Map lon/lat to cell id(s).

Parameters:
  • lon (float | ndarray) – Scalars or numpy arrays of equal shape.

  • lat (float | ndarray) – Scalars or numpy arrays of equal shape.

Returns:

-1 (or array with -1) for points outside the grid.

Return type:

int or np.ndarray

__init__(tf, x0_edge, y0_edge, nx, ny, cell_size_m)
motac.spatial.lonlat_to_cell_id(grid, *, lon, lat)[source]

Convenience wrapper: build lookup from grid and map lon/lat -> cell_id.

Return type:

int | ndarray

motac.spatial.build_knn_travel_time_matrix(*, lat, lon, k=6, speed_kph=30.0)[source]

Build a symmetric kNN travel-time matrix from cell centroids.

Distances are haversine-approximated in meters and converted to seconds.

Return type:

csr_matrix

motac.spatial.min_travel_time_to_mask(*, travel_time_s, mask, default)[source]

Compute min travel time from each row to any column where mask is True.

Parameters:
  • travel_time_s (csr_matrix) – CSR matrix with shape (n_cells, n_cells), where entries are travel times in seconds.

  • mask (ndarray) – Boolean array of shape (n_cells,) indicating target cells.

  • default (float) – Value used when a row has no reachable target cell.

Returns:

Array of shape (n_cells,) with per-cell minimum travel time.

Return type:

out

motac.spatial.min_travel_time_feature_matrix(*, travel_time_s, masks, default, suffix='min_travel_time_s')[source]

Compute a feature matrix of min travel times for multiple target masks.

Parameters:
  • travel_time_s (csr_matrix) – CSR travel-time matrix.

  • masks (dict[str, ndarray]) – Dict mapping feature prefix -> boolean mask of target cells.

  • default (float) – Default value if no target is reachable.

  • suffix (str) – Suffix appended to each feature name.

Return type:

tuple[ndarray, list[str]]

Returns:

  • x – Array of shape (n_cells, n_features).

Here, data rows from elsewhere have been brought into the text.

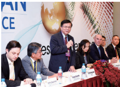
▲ Minister Lee Chih-Kung offered opening remarks at the press conference

Representatives from leading foreign enterprises investing in Taiwan were invited to exchange Letters of Intent (LOIs) with the Minister of Economic Affairs at past Conferences. These enterprises, including Air Products (US), Dong Energy (Denmark), General Electric (US), Hitachi-High Technologies (Japan), H&M (Sweden), and Mitsui & Co. (Japan), expressed strong intention of investing or expanding operations in Taiwan.
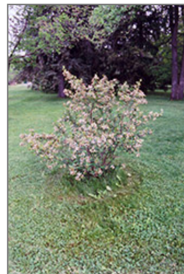
Black Chokeberry in bloom
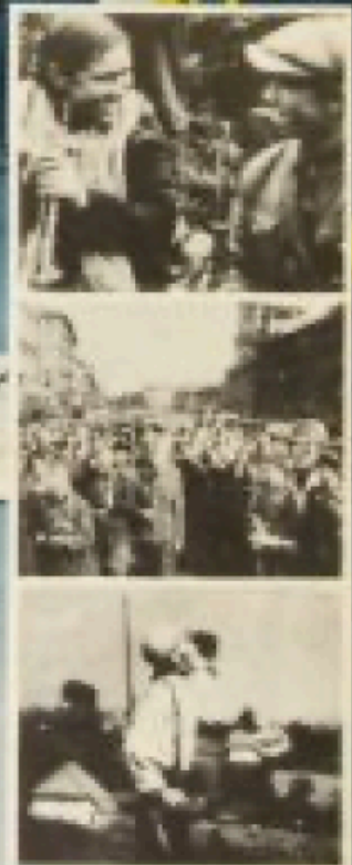
Film poster "The Battle of Russia"

Distributed by 20 th CENTURY-FOX FOR THE WAR REPRESENTATIVE COMMITTEE - MOTION PICTURE INDUSTRY
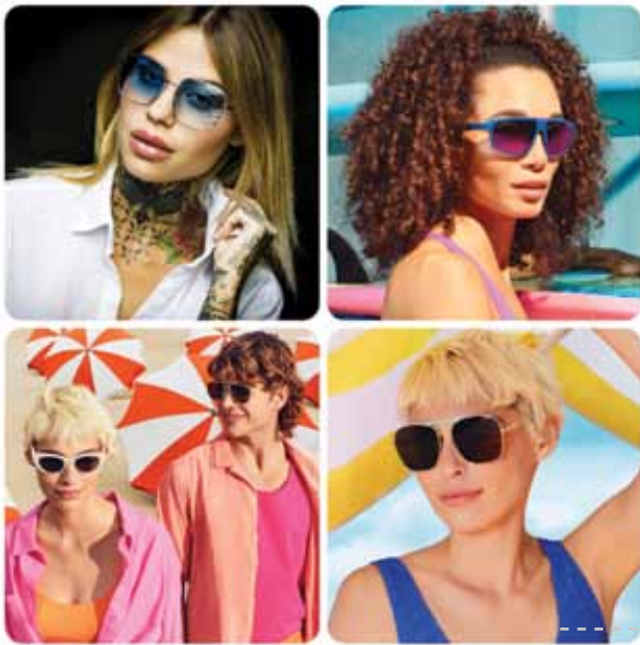
OPTICA HALPERIN CHAIN

B ig or small, square or round, sunglasses have long been a fashion trend. A look at this summer's collections proves that many trends have become classics. It is difficult to point to one outstanding trend, so you can choose a rectangular, sporty, cat or classic frame and still be in style. These are some of the leading trends:
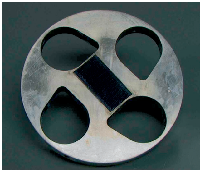
The "hook and loop" tape can be used on standard specimen holders

The hook and loop tape provides a strong but flexible joint between specimen and sample holder which allows the surface of the speci-
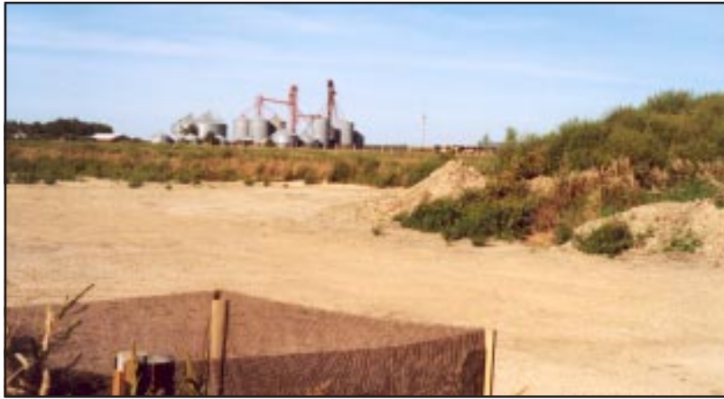
Manure solid settling basin at a feedlot in northwest Iowa.

It is important to note that table values commonly used to prepare manure management plans for a confined beef operation in Iowa use 0.07 lb. P (0.16 lb P_2O_5 ) per day for a finishing animal. In cases where the producer is feeding as close to the animal P requirement as possible, the state forms may be overestimating excreted P, which then has to be managed. However, it is equally important to note that many operations are overfeeding P and other nutrients, including N. Producers should work closely with their feed managers to ensure that this practice is minimized, if not ceased.

  • names – Feature names in order.

class motac.spatial.Grid(lat, lon, cell_size_m)[source]

Bases: object

Regular grid substrate (WGS84 centroids).

lat: ndarray
lon: ndarray
cell_size_m: float
__init__(lat, lon, cell_size_m)
class motac.spatial.POIFeatures(x, feature_names)[source]

Bases: object

POI features per grid cell.

x: ndarray
feature_names: list[str]
__init__(x, feature_names)
class motac.spatial.NeighbourSets(travel_time_s)[source]

Bases: object

Sparse travel-time neighbourhoods between grid cells.

travel_time_s: csr_matrix
__init__(travel_time_s)
class motac.spatial.Substrate(grid, neighbours, poi, graphml_path=None)[source]

Bases: object

Spatial substrate used by model fitting and forecasting.

grid: Grid
neighbours: NeighbourSets
poi: POIFeatures | None
graphml_path: str | None
__init__(grid, neighbours, poi, graphml_path=None)
class motac.spatial.SubstrateBuilder(config)[source]

Bases: object

Build a road-constrained substrate and persist cache artefacts.

Cache format (v2)

When SubstrateConfig.cache_dir is set, build() writes a self-contained artefact bundle:

  • graph.graphml: road network (OSMnx GraphML)

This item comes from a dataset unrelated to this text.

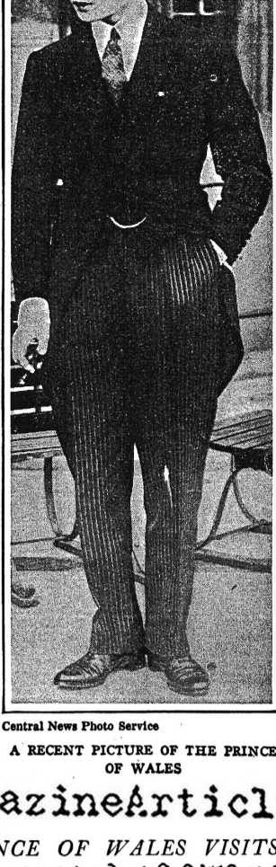
A RECENT PICTURE OF THE PRINCE OF WALES

The address given by Bryce as chairman, presented a forcible and eloquent statement of the relations of the two countries as they had been and as they ought to be. Bryce's address was followed by that of Winston Churchill, who was present at the meeting as the official representative of His Majesty's Government, and whose speech was a carefully studied historic summary. For the earlier period of the relations between America and England, Churchill followed the lines of Trevelyan's "History of the American Revolution." He emphasized the fact that the Colonials were fighting not against the people of England, but against the King's government.

  • grid.npz: grid centroid lat/lon + cell_size_m

  • neighbours.npz: CSR travel-time neighbourhood matrix

  • meta.json: format version + config + basic provenance

  • optionally poi.npz: POI feature matrix

Compatibility

v2 caches are written by this builder. v1 caches are still loadable.

CACHE_FORMAT_VERSION = 2
SUPPORTED_CACHE_FORMAT_VERSIONS = (1, 2)
__init__(config)[source]
build()[source]
class motac.spatial.SubstrateConfig(north=None, south=None, east=None, west=None, place=None, graphml_path=None, cell_size_m=250.0, max_travel_time_s=900.0, disable_pois=False, poi_tags=None, poi_geojson_path=None, poi_travel_time_features=False, cache_dir=None)[source]

Bases: object

Configuration for substrate building.

Provide one of:
  • bbox (north, south, east, west)

  • place (OSM place query string)

  • graphml_path (local graph for offline/testing)

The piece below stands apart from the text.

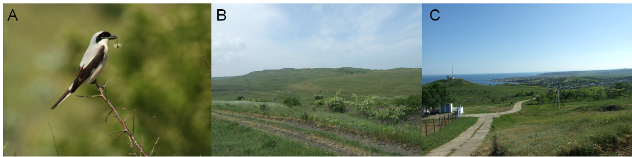
Fig. 1. Photographs documenting (A) studied species, the lesser grey shrike ( Lanius minor ), and habitat types differing in the level of anthropogenic disturbance inhabited by this species on the Crimean Peninsula, including (B) rural (Beherove; 45°26'01" N, 36°14'55" E; 15 May 2013), and (C) suburban areas (Kercz lighthouse; 45°23'08" N, 36°38'13" E; 19 May 2013).

et al. 2014, Moss et al. 2014). For example, European and Australian bird species with declining populations are less tolerant of an approaching human than species with increasing populations (Møller et al. 2014). Escape behaviour of animals is affected by several factors, such as the distance at which an approach begins (Blumstein 2003, Tryjanowski et al. 2020, Mikula et al. 2021), body mass and overall pace-of-life strategy (Stankowich & Blumstein 2005, Weston et al. 2012), sex and age (Kalb et al. 2019), flock size (Morelli et al. 2019, Tryjanowski et al. 2020), but also more subtle risk cues, such as human gaze and head orientation (Bateman & Fleming 2011, Clucas et al. 2013), and directness (Møller & Tryjanowski 2014) and speed of approach (Stankowich & Blumstein 2005). Based on their traits, some species are expected to have a decreased ability to cope with human disturbance and the identification of these may help in their conservation management (Samia et al. 2015b). However, the flexibility in behavioural responses towards human presence remains unexplored for many populations and species of animals.

POIs are optional. Supported options include:
  • disable_pois=True

  • poi_geojson_path (local) OR poi_tags + (bbox/place/graph)

north: float | None
south: float | None
east: float | None
west: float | None
place: str | None
graphml_path: str | None
cell_size_m: float
max_travel_time_s: float
disable_pois: bool
poi_tags: dict[str, Any] | None
poi_geojson_path: str | None
poi_travel_time_features: bool
cache_dir: str | None
static from_json(path)[source]
Return type:

SubstrateConfig

bbox()[source]
Return type:

tuple[float, float, float, float] | None

__init__(north=None, south=None, east=None, west=None, place=None, graphml_path=None, cell_size_m=250.0, max_travel_time_s=900.0, disable_pois=False, poi_tags=None, poi_geojson_path=None, poi_travel_time_features=False, cache_dir=None)
motac.spatial.build_grid_from_lonlat_bounds(*, lon_min, lon_max, lat_min, lat_max, cell_size_m)[source]

Build a Grid from lon/lat bounds using the spatial grid builder.

Returns motac.spatial.types.Grid.

class motac.spatial.substrate.SubstrateConfig(north=None, south=None, east=None, west=None, place=None, graphml_path=None, cell_size_m=250.0, max_travel_time_s=900.0, disable_pois=False, poi_tags=None, poi_geojson_path=None, poi_travel_time_features=False, cache_dir=None)[source]

Bases: object

Configuration for substrate building.

Provide one of:
  • bbox (north, south, east, west)

  • place (OSM place query string)

  • graphml_path (local graph for offline/testing)

POIs are optional. Supported options include:
  • disable_pois=True

  • poi_geojson_path (local) OR poi_tags + (bbox/place/graph)

north: float | None
south: float | None
east: float | None
west: float | None
place: str | None
graphml_path: str | None
cell_size_m: float
max_travel_time_s: float
disable_pois: bool
poi_tags: dict[str, Any] | None
poi_geojson_path: str | None
poi_travel_time_features: bool
cache_dir: str | None
static from_json(path)[source]
Return type:

SubstrateConfig

bbox()[source]
Return type:

tuple[float, float, float, float] | None

__init__(north=None, south=None, east=None, west=None, place=None, graphml_path=None, cell_size_m=250.0, max_travel_time_s=900.0, disable_pois=False, poi_tags=None, poi_geojson_path=None, poi_travel_time_features=False, cache_dir=None)
class motac.spatial.substrate.SubstrateBuilder(config)[source]

Bases: object

Build a road-constrained substrate and persist cache artefacts.

Cache format (v2)

When SubstrateConfig.cache_dir is set, build() writes a self-contained artefact bundle:

  • graph.graphml: road network (OSMnx GraphML)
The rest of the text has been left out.